This is a screenshot of the current execution status of the MOR table: image

BsoBird avatar Apr 25 '23 17:04 BsoBird

Can anyone help guide me?

BsoBird avatar Apr 25 '23 17:04 BsoBird

IMHO it should be due to RowLevelCommandDynamicPruning is not supported in MOR : https://github.com/apache/iceberg/blob/50ca63bde82547c42475591455c00a429c854d4b/spark/v3.4/spark-extensions/src/main/scala/org/apache/spark/sql/execution/dynamicpruning/RowLevelCommandDynamicPruning.scala#L66-L68

singhpk234 avatar Apr 25 '23 17:04 singhpk234

@singhpk234 Am I right in thinking that MOR tables are not currently available on a large scale? After all, MOR tables take too long to execute. Also do we have a solution or plan to fix this problem?

BsoBird avatar Apr 26 '23 05:04 BsoBird

There are a few pending changes I am yet to submit to OSS regarding MoR. Runtime filtering is one of the potential causes.

I'll take a closer look at this issue soon.

aokolnychyi avatar May 04 '23 17:05 aokolnychyi

@aokolnychyi Hi, I have added the execution plan of the SQL statement, please let me know if you need me to provide additional information.
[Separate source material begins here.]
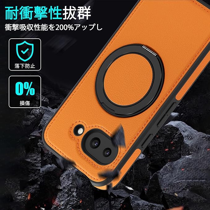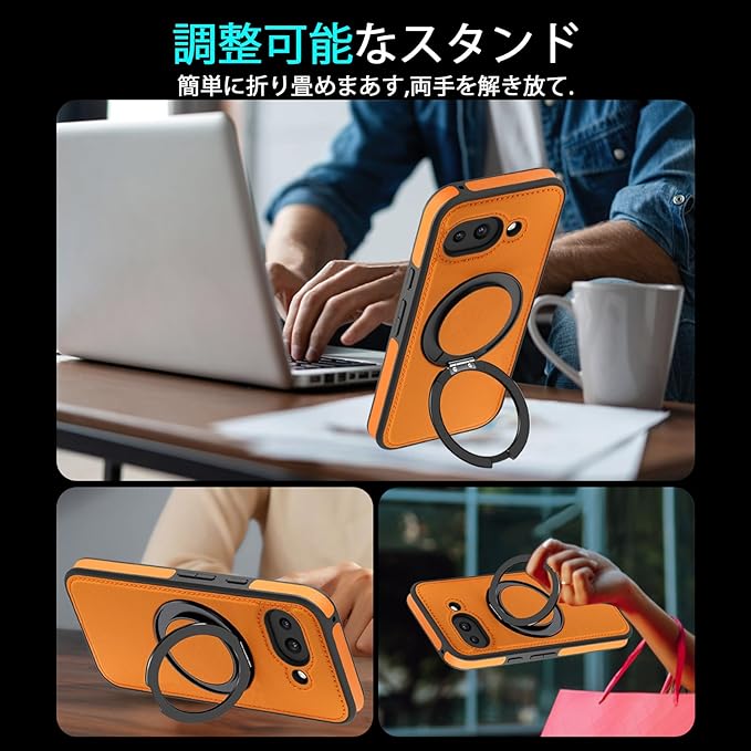 Google Pixel 9A 用ケース Magnetic対応 リング付き 耐衝撃 レンズ保護 グーグル ピクセル 9a 用ケース マグネット搭載 360 回転 PC+PUレザー 衝撃吸収 スタンド機能 黄変防止 シンプル スマホカバー オレンジ J15-04

BsoBird avatar May 05 '23 04:05 BsoBird

It looks like what folks are mentioning here, the noticeable difference in plan is

               :        +- BatchScan[uni_order_id#3586, data_from#3587L, partner#3588, plat_code#3589, order_id#3590, uni_shop_id#3591, uni_id#3592, guide_id#3593, shop_id#3594, plat_account#3595, total_fee#3596, item_discount_fee#3597, trade_discount_fee#3598, adjust_fee#3599, post_fee#3600, discount_rate#3601, payment_no_postfee#3602, payment#3603, pay_time#3604, product_num#3605L, order_status#3606, is_refund#3607, refund_fee#3608, insert_time#3609, ... 35 more fields] local.test.b_std_trade_4_iceberg_orc_zstd (branch=null) [filters=, groupedBy=] RuntimeFilters: [dynamicpruningexpression(_file#3706 IN dynamicpruning#4007)]
               :              +- SubqueryAdaptiveBroadcast dynamicpruning#4007, 0, false, Project [_file#4006], [_file#4006]
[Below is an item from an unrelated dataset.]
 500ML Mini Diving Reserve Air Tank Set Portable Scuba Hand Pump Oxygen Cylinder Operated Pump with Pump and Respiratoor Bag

Looks like pushed to test.b_std_trade_4_iceberg_orc_zstd in COW only

szehon-ho avatar May 05 '23 18:05 szehon-ho

If you have time, do you have the Spark History UI of the runtimes of how much time it spends in each stage, in both versions? I see a running time for MOR but would be great to compare to COW as well.
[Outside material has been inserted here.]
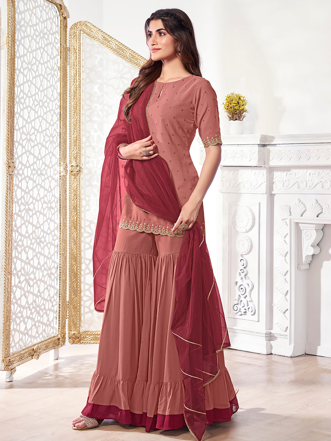 This stunning Women Floral Thread Sequinned Embroidered Kurta, Palazzos, and Dupatta Set in pink is perfect for any occasion. The Kurta features intricate ethnic motifs and sequinned details, while the Sharara offers a comfortable fit with a partially elasticated waistband. Made from high-quality georgette machine weave fabric, this set is sure to impress with its elegant straight shape and scalloped hem. Complete the look with the included dupatta for a polished and elegant outfit.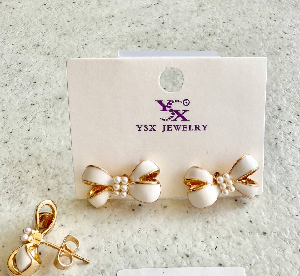گوشواره میخی مدل پاپیون سفید، برند ysx، آبکاری طلا، رنگ ثابت و ضد حساسیت.

szehon-ho avatar May 08 '23 23:05 szehon-ho

@szehon-ho hi. I uploaded the image.(COW running time)

When I ran the SQL this time, there were some third-party tasks in the cluster that were competing with me for resources, so my SQL execution took a little longer this time. I hope this factor does not affect your analysis too much.

image image

BsoBird avatar May 10 '23 14:05 BsoBird

Hi, thanks. Yea I am comparing the two stage trees, nothing immediately jumps out to me to say why MOR is 40 mins and the other is 17 mins.

Comparing the two joins,

  • MOR join has shuffle bytes: 207.6 GB and 50.3 GB.
  • COW has two joins (first for determining list of files, second is the actual join with filter on the file list)
    • 1st join has shuflfe bytes: 10.3G and 7.0 G (file list calcluation)
    • 2nd join has 156.9 G and 109.3 G (final join after file filter)

So just based on that, I dont see huge difference here.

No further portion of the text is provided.